L’alcool à friction tue-t-il les cochenilles farineuses ?

Oui. L’alcool isopropylique à 70 % dissout leur enveloppe cireuse et tue l’insecte au contact, ce qui fait du coton-tige la première étape la plus rapide. Pour pulvériser toute la plante, diluez une dose d’alcool à 70 % dans trois doses d’eau et testez d’abord sur une seule feuille, car le mélange peut brûler les feuilles fines ou duveteuses. L’alcool n’a pas d’effet rémanent : des traitements répétés restent donc nécessaires.

Les cochenilles farineuses peuvent-elles vivre dans le terreau ?

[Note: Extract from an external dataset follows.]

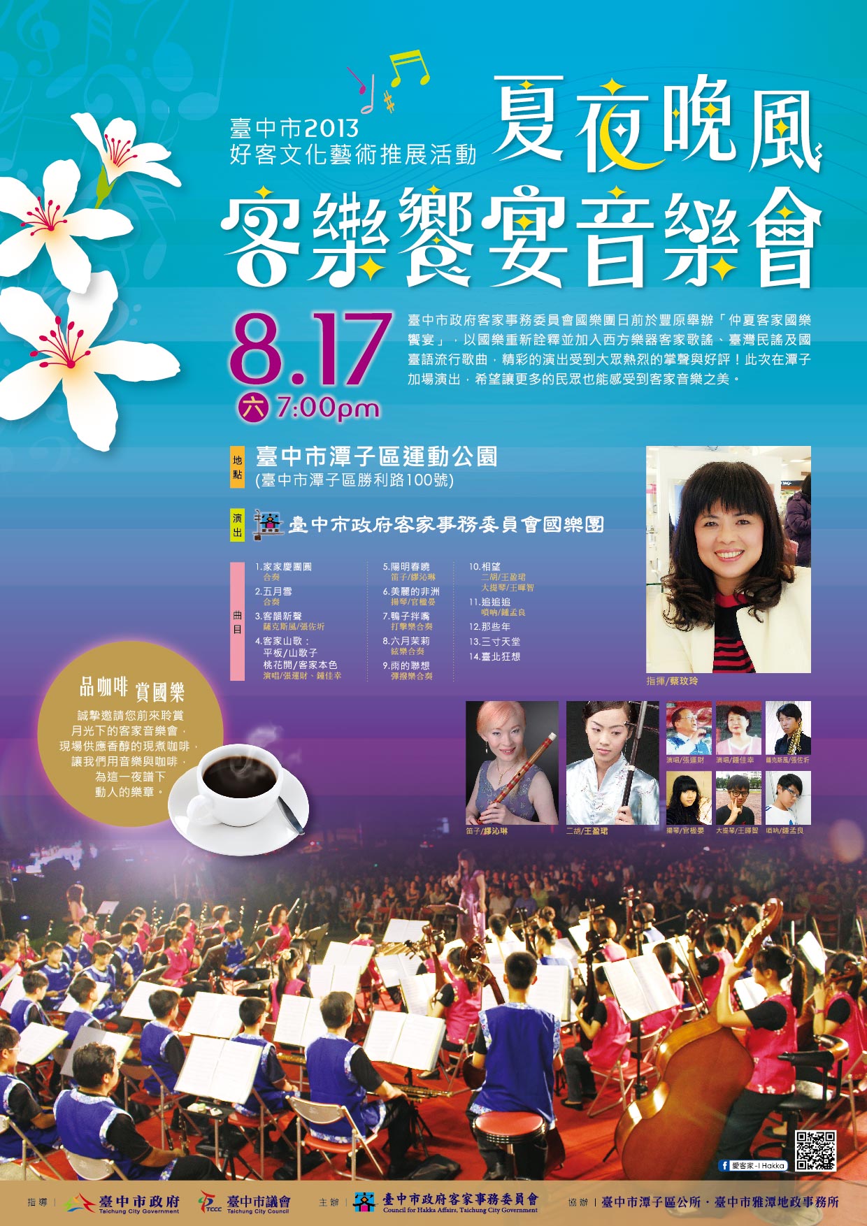 傍晚時分,將在樹蔭繚繞的林蔭大道舉辦「共下食飯 義起幸福」的活動,邀請新莊區300位長者,在夏風徐徐的夜晚,享受一邊食飯一邊鬥嘴鼓的樂趣;緊接著登場的「新莊愛響之夜」,除新北市客屬社團理事長將粉墨登場,表演「老萊子與小辣妹共舞」的逗趣演出,節目中更邀請到早期紅透半天邊的歌廳秀主持人─澎澎,及超級模王大道有小鄧麗君之稱的張靜沄PK有客家鄧麗君之稱的陳雙,演唱客家歌曲及經典懷舊歌曲,節目精彩可期。

Certaines espèces, oui. Les cochenilles des racines (*Rhizoecus*) se nourrissent des racines et laissent des dépôts cireux blancs sur la motte et à l’intérieur de la paroi du pot lorsqu’on dépote la plante. Pour les traiter, lavez soigneusement les racines, jetez le terreau, puis rempotez dans un mélange neuf et un pot propre. Les cochenilles farineuses ordinaires pondent également dans la surface du terreau et les fissures du pot : traitez donc ces zones aussi.

Une plante peut-elle se remettre d’une infestation de cochenilles farineuses ?

Oui, dans la plupart des cas. Les cochenilles farineuses affaiblissent la plante en suçant sa sève, ce qui provoque le jaunissement et la chute des feuilles ainsi qu’une croissance ralentie, mais elles tuent rarement une plante déjà bien établie. Une fois la colonie éliminée, les nouvelles pousses se développent sainement. Ne jetez une plante que si elle est gravement infestée, a peu de valeur et se trouve près de plantes auxquelles vous tenez davantage.